HERCULES: It was unbelievably impressive to me the sheer amount of work she did and the quality of the work she did and the variety and multiple disciplines she worked in. That was inspirational to me. Sometimes you think you can only do so much, but it’s inspirational to see somebody who really threw herself into her work and was fearless in doing this amazing array of work as well. The second thing that I got out of her, that I was inspired by, really, was her ability to forgive. Her strong belief in reconciliation was very powerful, and it had an impact on me for sure in thinking about things. Especially at the time period we’re living in now, the idea that the film has come out right now is significant to me, because we are in a very divisive time, certainly one of the most divisive times I’ve ever experienced in my life. To think about her words and her writings and her vision is very healing, I think, in our society, and I only wish she were still alive to have that powerful voice of reason and reconciliation and healing. So that’s what I have taken away from her story—that it’s very inspirational to all of us to think about how we can be better people in this very divisive time.
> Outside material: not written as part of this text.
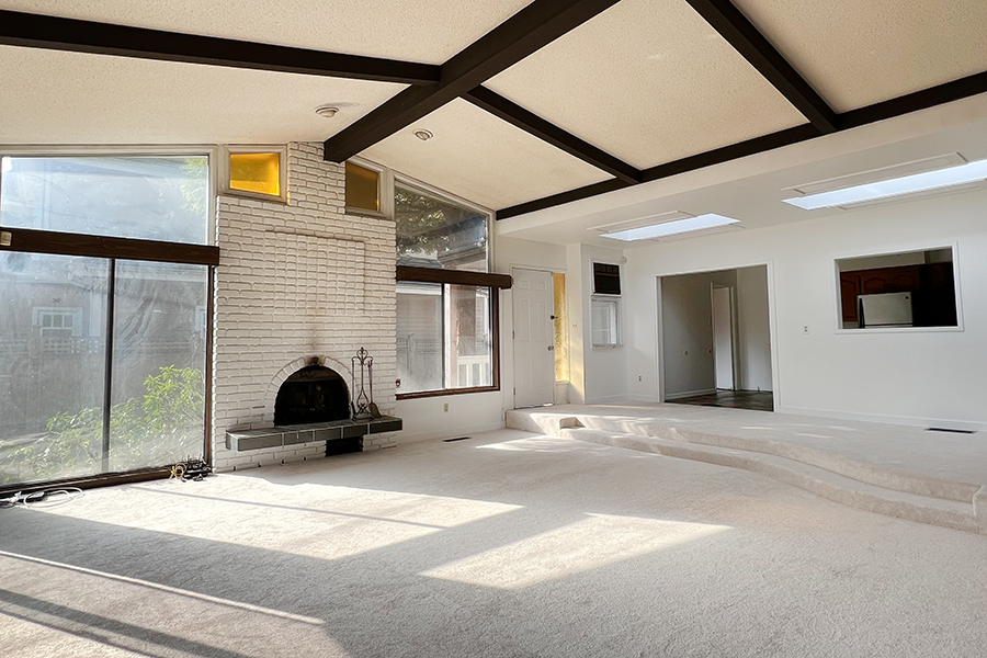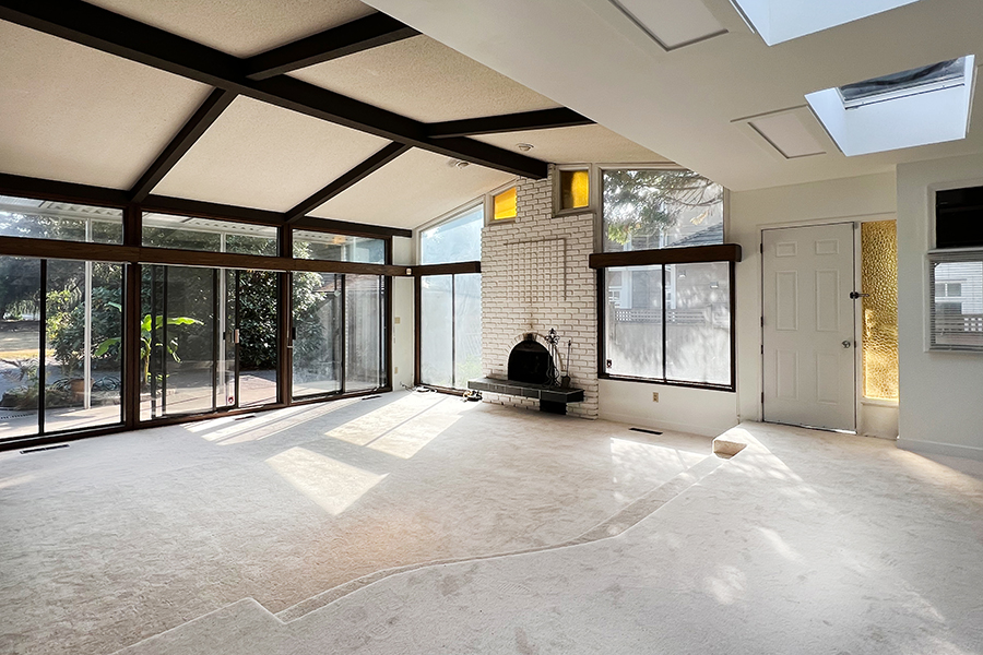 Features include mid-century house with unique design features, large property with private yard, living areas all on one level, large windows & skylights allowing plenty of natural light, spacious living rooms & bedrooms, shared tennis court (with house next door).

COBURN-WHACK: We tried many beginnings [for the film], and then we found a statement that she made to some program at the BBC. It was, “You may encounter many defeats, but you must not be defeated. In fact, it may be necessary that you encounter defeat so that you know who you are.” That was really the truth of the film, and it became my truth as I did the film, and it became a reckoning to me in a different way than I maybe had heard it before. I knew that I was encountering defeats with this film, whether they were small, whether they were big, the larger culture of what’s happening with the film industry, #OscarsSoWhite, racism and gender issues…. [Maya Angelou’s story] was: I’ve been abused; I have to keep going. I’ve been discriminated against; I’ve got to keep going. I’m having problems being a mother; I’ve got to keep going. I can’t find anybody to have a long-term love relationship with that can appreciate me for me; I’ve got to keep going. And so that encountering defeat and not being defeated I think resonates with me and with everybody who watches the film…. Honestly, it built a lot of confidence for both of us to tell this story, because this is a big story. Once you can tell the big story, you kind of think. okay, what you got next? I can do this.